Surely this puts the procedure exactly like the regulations under the Insurance Act, that any hon. Member can put down an Address to His Majesty, and it is exempted business, and he can bring it on.

Mr. WEDGWOOD

So far, good. He can put his Address on the Paper, but has that Address to be carried by a majority in this House and then by a majority in the other House, or is one House sufficient; and, further, is it any practical safeguard when we know how difficult it is for a private Member to get a majority? It seems to me that it is asking rather much to suppose the possibility of a private Member getting time to object to a regulation and then converting a majority of the House to his point of view.
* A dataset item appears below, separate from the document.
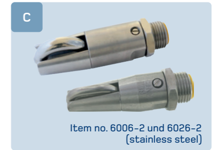
NEW LUBING stainless steel biting nipple

The piglet nipple Art.6026 (1/2") with brass housing and stainless steel point. The flow rate can be regulated from outside with an adjusting screw.

Any substantial protest against these regulations ought to be taken into account, and this should depend not upon the ipse dixit of the Government, which is the case at present, but it should be taken into account from the point of view of modifying the regulations. An Address can only be an Address against the whole regulation, and that regulation cannot be modified by means of an Address. I am not quite satisfied with the powers possessed by the House. In the ordinary case it is all very well to say the regulation is approved or disapproved, but there may be a great deal in the regulation that the House as a whole approved of while disapproving of some details, and I should like to know whether it is possible to modify a regulation as well as to negative it altogether.

Mr. McKENNA

In the last resort the opinion of the majority in this House must prevail, but the hon. Member is a very old and experienced Parliamentary hand, and he knows that any group of hon. Members have a right to raise the subject after eleven o'clock, and if they have got any substance at all in their objections they are nearly always in such a position as to enable them to make terms with the Government. Of course, it must be understood that if the Government comes to the conclusion, and is supported by the House in that view, that no change ought to be made in the regulation, the opinion of the House must win; but, on the other hand, my hon. Friend will have ample opportunity of expressing his views and bringing pressure to bear.

Mr. BOOTH

I agree with this, because it grants a point that we urged very much upon the Home Secretary in Committee last year. The Clause as drawn only gives hon. Members the opportunity between eleven and half-past eleven on the Adjournment. That was the sole point. There may be some Division going on which will leave only a quarter of an hour. The complaint was that that was not a proper safeguard, merely to speak on the Adjournment Motion. In that way this enlarges it, so that Members may put down an Address to the Crown.

Question, "That this House doth agree with the Lords in the said Amendment," put, and agreed to.